Within the last few years, hundreds of bills have been introduced in the U.S. with the aim of stripping away, restricting, or even criminalizing gender-affirming care for transgender youth under 18 years of age, with proponents arguing that minors are too young to make these medical decisions.
But in 2023, legislative attempts to strip trans people of health-care options have expanded their reach to a new age group: adults.
In the past three months, at least five U.S. states have proposed bills that would limit gender-affirming care for adults either through direct bans or by barring medical facilities and Medicaid from covering this care.
Two states — South Carolina and Texas — are considering bills that would ban all gender-affirming care for those under the age of 26, modelled after an Oklahoma bill introduced in January, though the age in that bill has since been lowered to 18 after backlash. Kansas is considering banning gender-affirming care for people up to age 21.
“This is going against every idea of freedom and opportunity in this country,” Vivian Topping, director of advocacy and civic engagement at the Equality Federation, told CTVNews.ca in a phone interview.
Gender-affirming care is medically necessary, evidence-based care that allows trans and gender diverse people to transition to the gender that matches their lived experience, according to the leading medical organizations in the U.S., including the American Medical Association and the American Academy of Pediatrics, which have condemned legislative attacks on this care.
Arguments in favour of banning care for trans people are largely made by conservative lawmakers, who believe they are protecting children and that minors cannot consent to medical care that could include irreversible changes.
Last year, as Alabama governor Kay Ivey signed a gender-affirming care ban for minors, in 2022 saying she said, “We’re going to go by how God made us: if the Good Lord made you a boy, you’re a boy, and if he made you a girl, you’re a girl. It’s simple.”
Opponents of the legislation say that banning care for trans people at any age is dangerous, but suggesting trans adults shouldn’t be allowed to make their own decisions about their bodies is a jump in rhetoric.
“We expect that folks have the right to live our lives how we see fit as long as we aren't hurting anybody,” Topping said. “Deciding what people can do with their bodies … try(ing) to obfuscate as much as we can about access to gender-affirming care, it’s just a continued attempt to erase and attack people who are marginalized.”

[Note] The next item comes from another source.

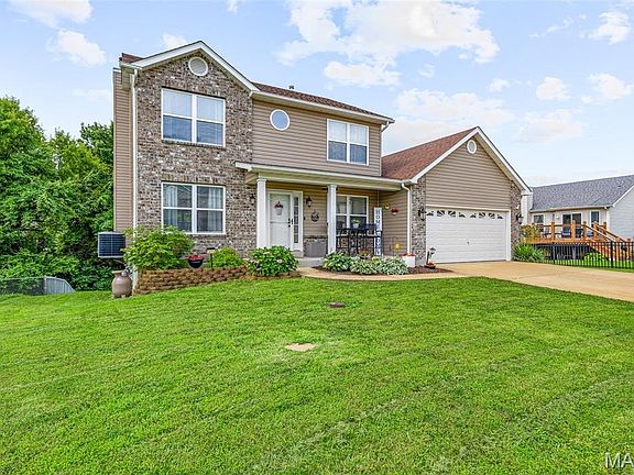 Wonderfully updated 4 Bedroom, 3.5 Bath two-story. You will be so impressed with the extra-large primary bedroom and an unbelievable bathroom with double sinks, lighted mirrors and whirlpool tub with separate shower. The other two bedrooms upstairs are nicely sized. The fourth cozy bedroom is located in the lower level with its own bath. They all have beautiful wood doors, ceiling fans and laminate flooring (except LL – carpet). The walkout LL also includes a spacious family room leading to patio and great yard backing to woods. The kitchen is a cook’s delight having a gorgeous granite island, LG black-stainless steel Smart appliances including stove, microwave, ceramic range and oven w/air fryer/convection. Also included is a double door pantry with so much room. Natural lighting fills the hearth room with main focal point being the massive brick woodburning fireplace. This room leads into a comfortable living room and not to mention, there is also a dining room for entertaining guests. All lighting and ceiling fans have been upgraded, and rooms painted in warm modern colors. Outside features a wood deck off the kitchen and a 2-car garage and front door having Wi-Fi openers. Quiet, but growing neighborhood convenient to the heart of Festus. Great, great home for a growing family. Do not miss this one!

It’s the latest step in a strategy that advocates say began with sporadic bills banning trans people from using bathrooms or playing on sports teams that align with their gender identity, and has now snowballed into hundreds of bills ranging from anti-trans health-care bans to those barring any mention of LGBTQ2S+ identities in school curriculums, to bills threatening to separate trans children from affirming parents.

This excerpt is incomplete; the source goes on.